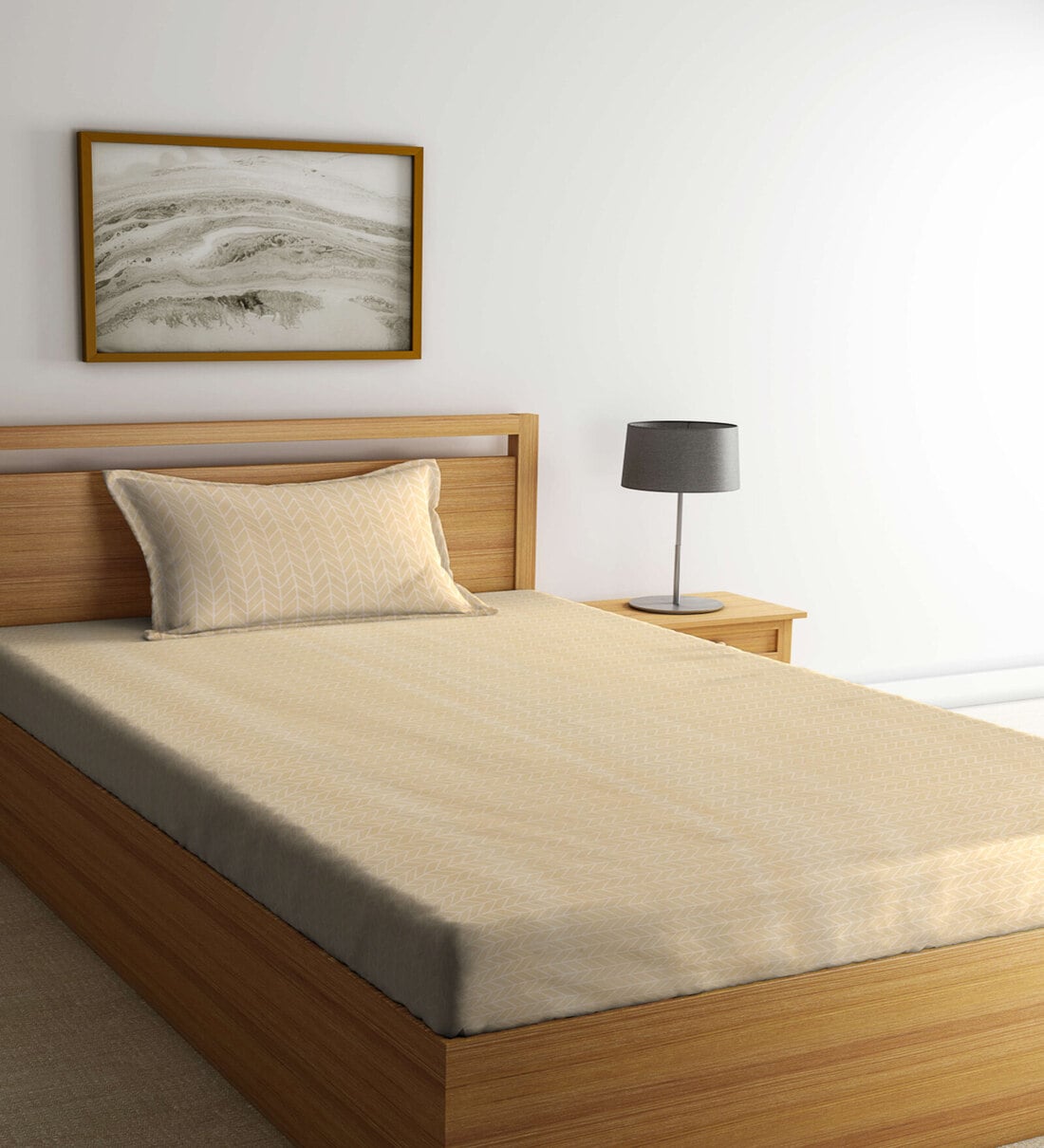 Beige Abstract 300 TC Cotton Blend Single Bedsheet with 1 Pillow Cover
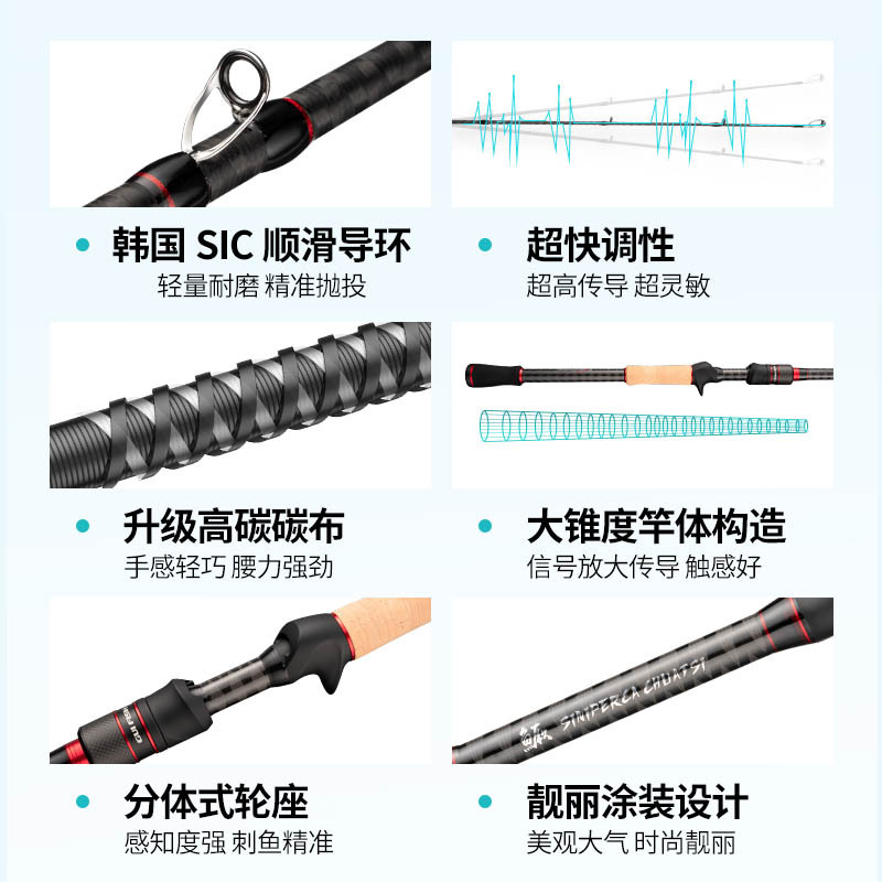 Kemailong big vertebra worm pole ultra-fast adjusting mandarin fish luya pole gun handle black pit perch pole carbon high-sensitivity worm pole
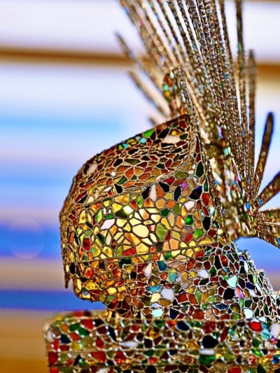 33色・約20,000ピースにも及ぶガラス片を、72のパーツへと組み上げる精緻な技法により、高さ2mを超える圧倒的な造形美を実現しました。
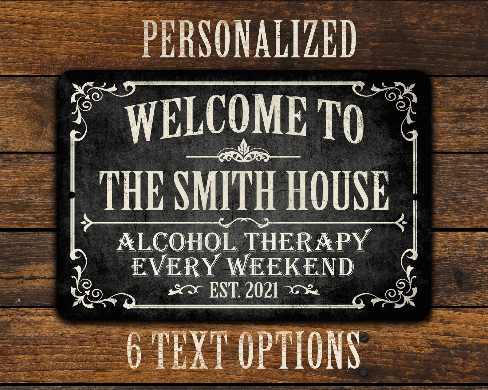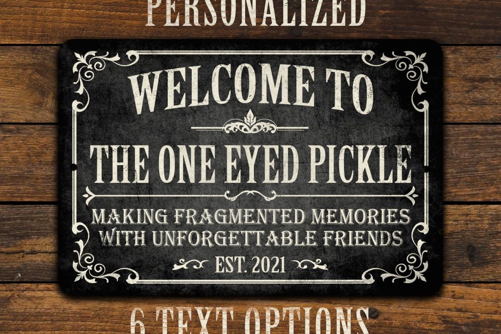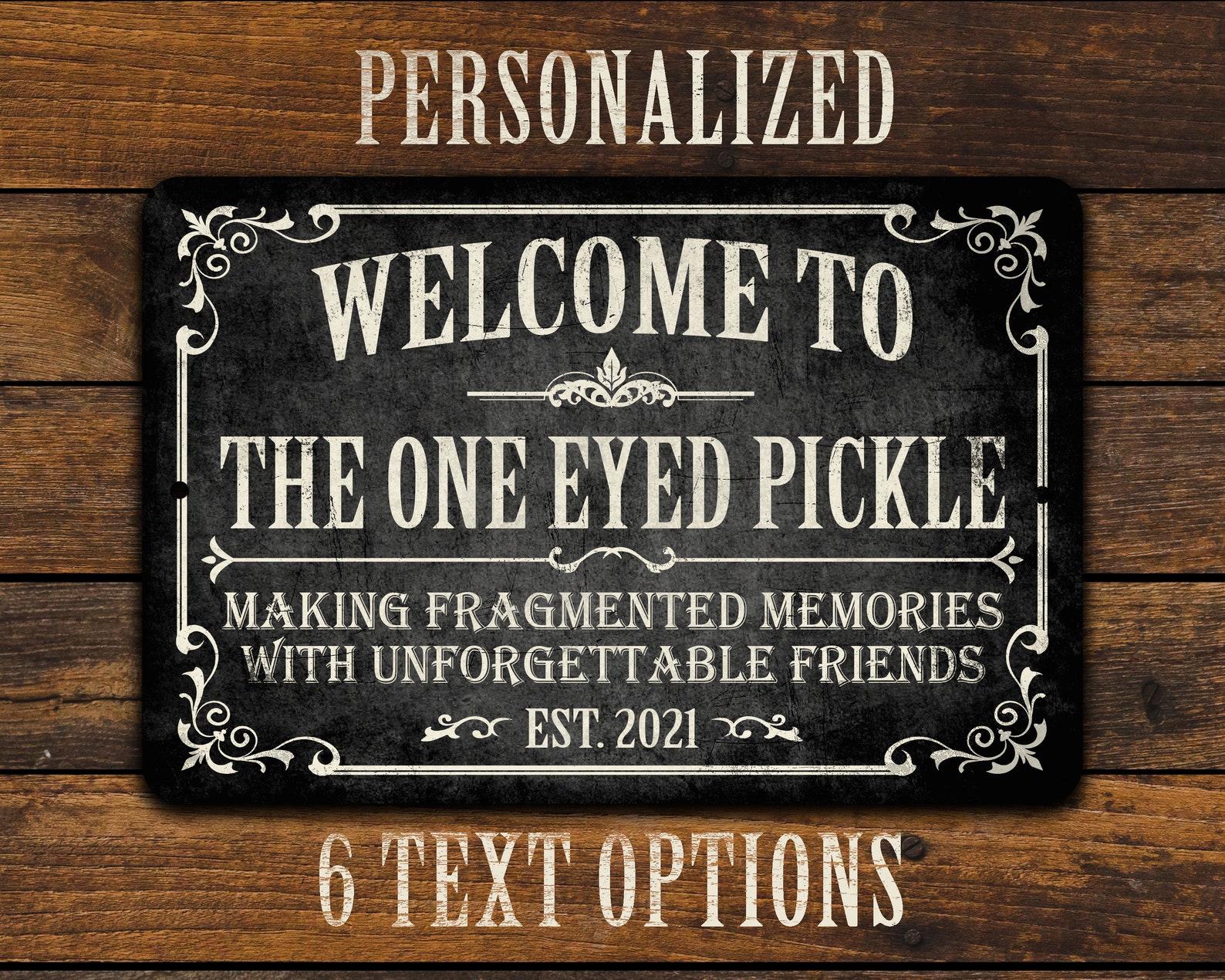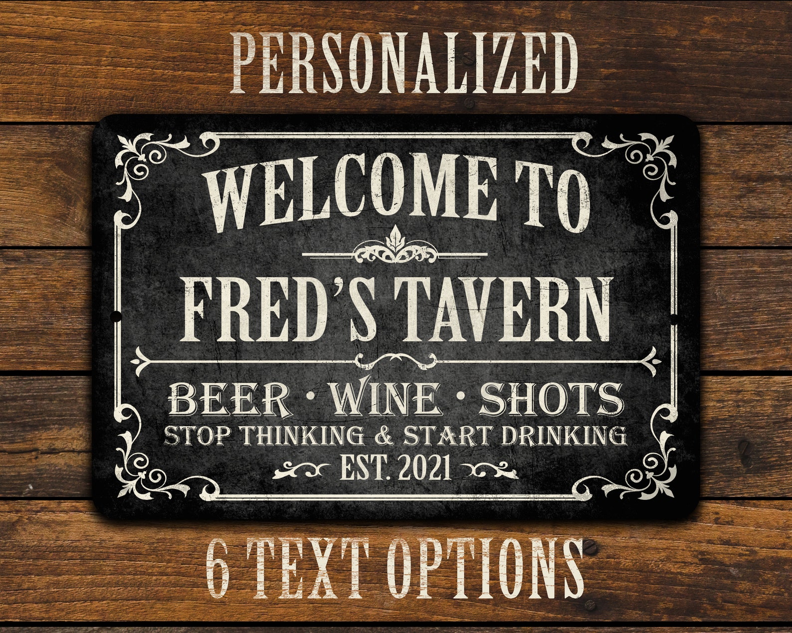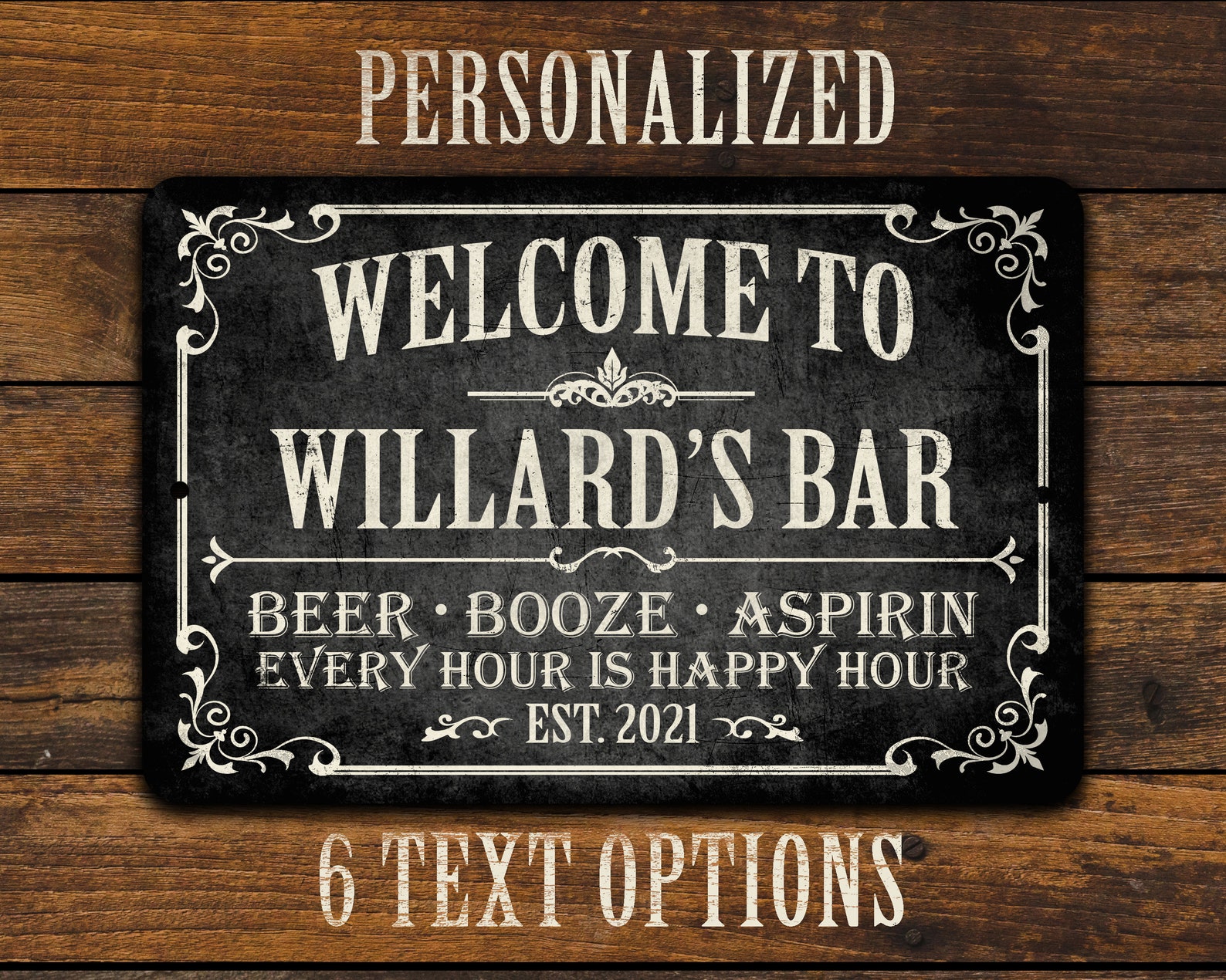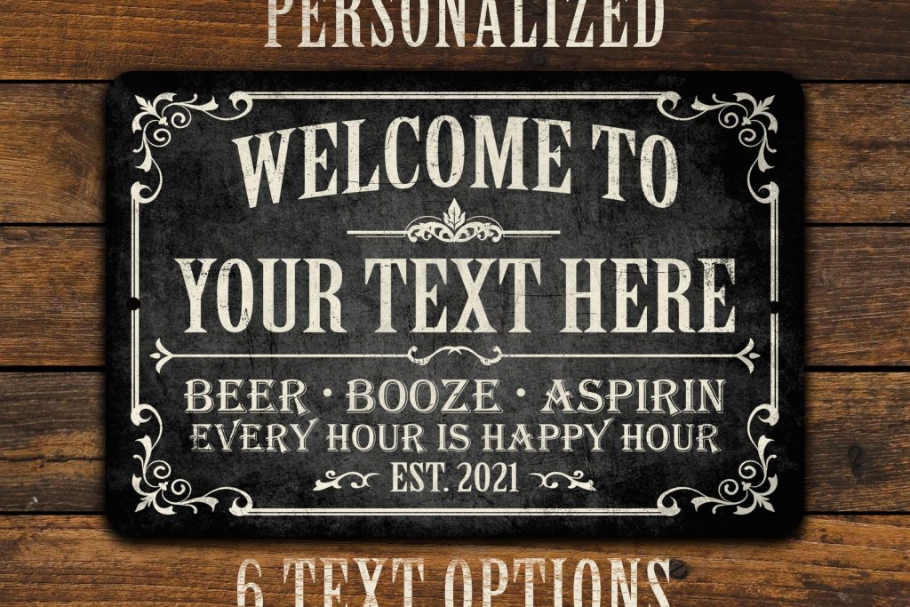 3) Enter your personalization information. Type the et text or phrase you9;d like printed on the sign for the bar name, followed by an established year. Your text will be printed in ALL CAPS only. For best results, please limit to no more than 20 characters. The more characters you use, the smaller the text will have to be to fit. If no established date is provided, the current year (2024) will be used.

=== What this task involves ===
After locating the line with "33色・約20,000ピース" in the listing above, transcribe it and every line after it to the last, exactly, with no pictures.

=== Result of this task ===
 33色・約20,000ピースにも及ぶガラス片を、72のパーツへと組み上げる精緻な技法により、高さ2mを超える圧倒的な造形美を実現しました。
 3) Enter your personalization information. Type the et text or phrase you9;d like printed on the sign for the bar name, followed by an established year. Your text will be printed in ALL CAPS only. For best results, please limit to no more than 20 characters. The more characters you use, the smaller the text will have to be to fit. If no established date is provided, the current year (2024) will be used.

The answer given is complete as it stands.